Apache Hadoop Distcp Example
In this example, we are going to show you how to copy large files in inter/intra-cluster setup of Hadoop using distributed copy tool.
1. Introduction
DistCP is the shortform of Distributed Copy in context of Apache Hadoop. It is basically a tool which can be used in case we need to copy large amount of data/files in inter/intra-cluster setup. In the background, DisctCP uses MapReduce to distribute and copy the data which means the operation is distributed across multiple available nodes in the cluster.
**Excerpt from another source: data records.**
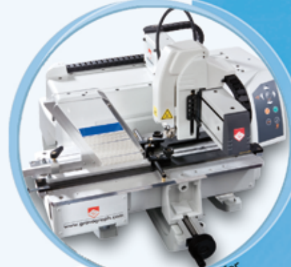
Simply slot APF in vice for high-volume engraving
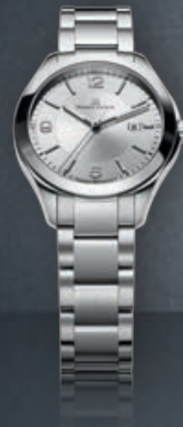
N°131.1 DATE MI1014-SS002-130 Quartz movement, Ø 32 mm stainless steel case.
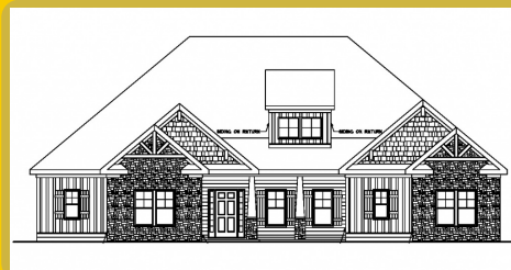
SPRINGER B Base Price: $605,500 2,765 sqft 4 Beds 3 Baths
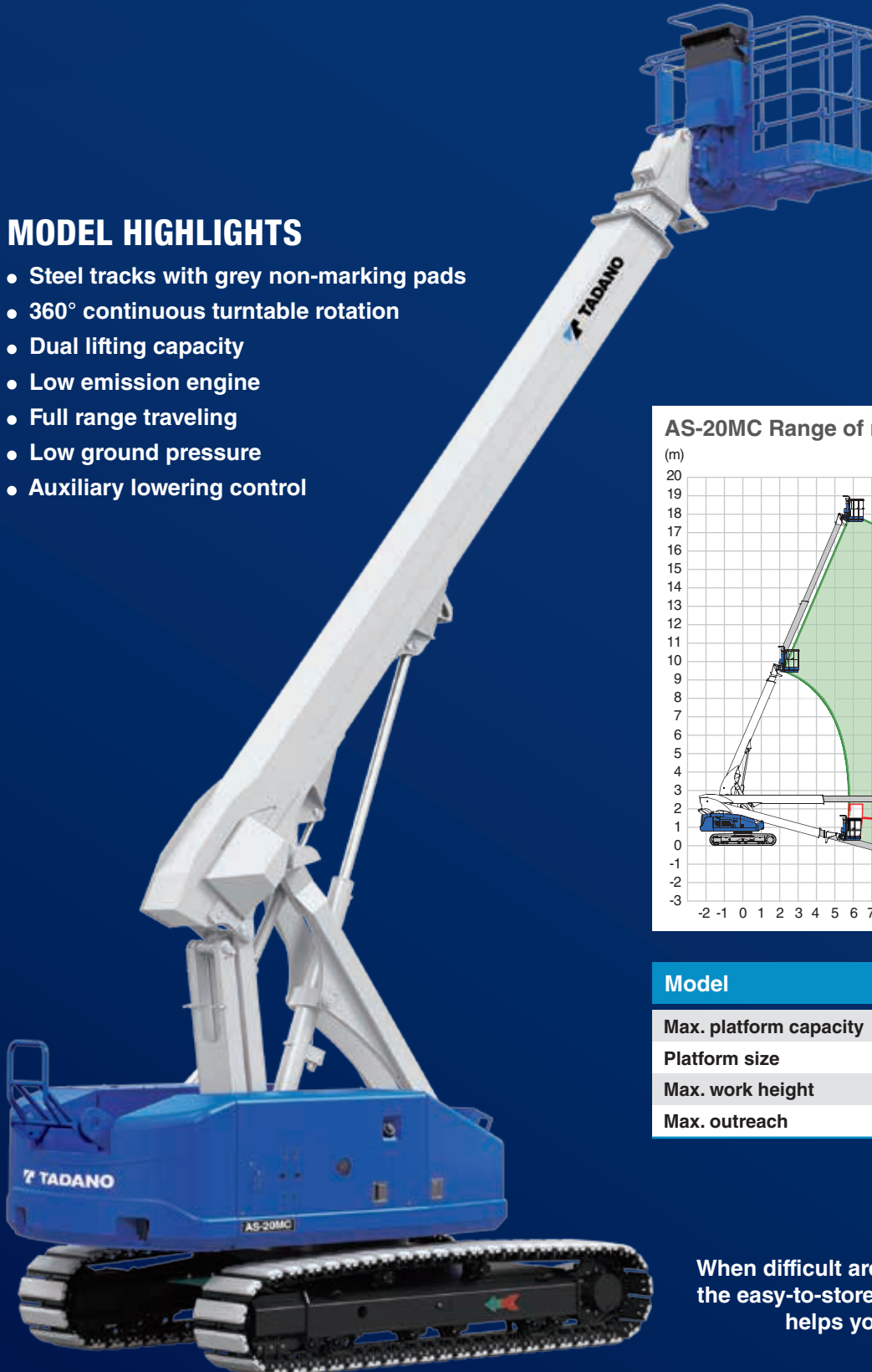
AS-20MC Range of motion
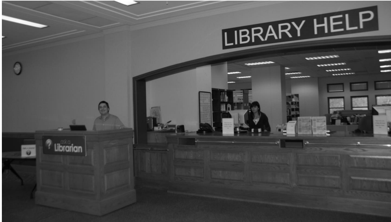
Hale Library's Partially Unconsolidated Help Desk (Aug. 2010 – present)
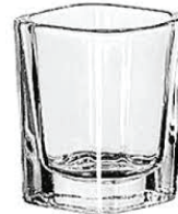
Square Shot 2oz
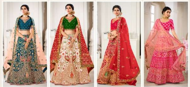
D. NO. : 1106A

This makes it more efficient and effective copy tool.
DistCP takes a list of files(in case of multiple files) and distribute the data between multiple Map tasks and these map tasks copy the data portion assigned to them to the destination.
2. Syntax and Examples
In this section, we will check the syntax of DistCP along with some examples.
2.1 Basic
Following is the basic syntac of distCp command.
hadoop distcp hdfs://namenode:port/source hdfs://namenode:port/destination
Following the distcp
first argument should be the fully qualified address of the source including the namenode and the port number. Second argument should be the destination address. The basic syntax of distcp
is quite easy and symple. It handles all the distribution and copying automatically using MapReduce.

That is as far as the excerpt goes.